When it's very hot I leave things to sit in my (unheated) laundry to be at a cool-ish room temperature. This would be equivalent to putting it in the garage, except there's no room for people in there (wall-to-wall stuff). I live in Australia, which gets quite hot, and my laundry is _always_ cool. It's a big cement and tile room with no windows.

 

I clip them inside a Rubbermaid cake carrier if they need to stay extra "clean".

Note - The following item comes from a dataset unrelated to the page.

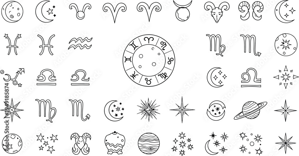 Collection of various astrology zodiac sign symbols isolated on transparent background #1949185874
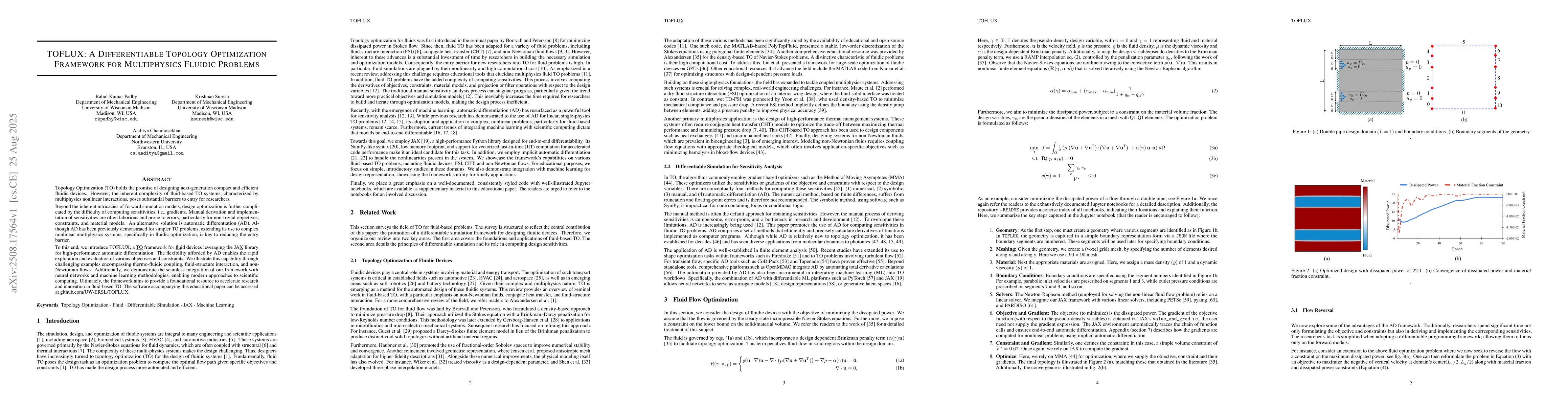 Topology Optimization (TO) holds the promise of designing next-generation compact and efficient fluidic devices. However, the inherent complexity of fluid-based TO systems, characterized by multiphysics nonlinear interactions, poses substantial barriers to entry for researchers. Beyond the inherent intricacies of forward simulation models, design optimization is further complicated by the difficulty of computing sensitivities, i.e., gradients. Manual derivation and implementation of sensitivities are often laborious and prone to errors, particularly for non-trivial objectives, constraints, and material models. An alternative solution is automatic differentiation (AD). Although AD has been previously demonstrated for simpler TO problems, extending its use to complex nonlinear multiphysics systems, specifically in fluidic optimization, is key to reducing the entry barrier. To this end, we introduce TOFLUX, a TO framework for fluid devices leveraging the JAX library for high-performance automatic differentiation. The flexibility afforded by AD enables the rapid exploration and evaluation of various objectives and constraints. We illustrate this capability through challenging examples encompassing thermo-fluidic coupling, fluid-structure interaction, and non-Newtonian flows. Additionally, we demonstrate the seamless integration of our framework with neural networks and machine learning methodologies, enabling modern approaches to scientific computing. Ultimately, the framework aims to provide a foundational resource to accelerate research and innovation in fluid-based TO. The software accompanying this educational paper can be accessed at github.com/UW-ERSL/TOFLUX.

AnnieCahill Posted 1 Apr 2014 , 6:21pm
post #9 of 15

Our house stays consistently in the high 60s and it works just fine.  It's "bendable" which is perfect for scratch baking or IMBC making.

AZCouture Posted 1 Apr 2014 , 7:13pm
post #10 of 15

ARebel here...I put it in cold most times. Then I fix it afterward if need be.

Pastrybaglady Posted 4 Apr 2014 , 3:39pm
post #11 of 15

A

Original message sent by AZCouture

Rebel here...I put it in cold most times. Then I fix it afterward if need be.

Wow! How do you fix it if the butter is too cold? Oh the mysteries of SMBC.

thecakewitch Posted 4 Apr 2014 , 3:43pm
post #12 of 15

AA blow torch is a handy tool.

AZCouture Posted 4 Apr 2014 , 3:50pm
post #13 of 15

A

Original message sent by Pastrybaglady

Wow! How do you fix it if the butter is too cold? Oh the mysteries of SMBC.

Because the meringue is usually still warm enough to melt the butter down. If it doesn't quite make it, or I want it softer, I put the bowl over an open flame on the stove for a bit and melt it down to soup, maybe just a cup or so, and rewhip until it's the consistency I want. It's more of a laziness thing, not wanting to take butter out early.

Pastrybaglady Posted 4 Apr 2014 , 5:16pm
post #14 of 15

Ah, that's like how I thaw frozen SMBC.  I like the blow torch idea too, gotta get me one of those.

AZCouture Posted 4 Apr 2014 , 7:01pm
post #15 of 15

AYeah, I can convert six quarts of frozen SMBC to creamy goodness in 5 minutes flat. One learns the quickest short cuts for stuff after years and years of the tedious work!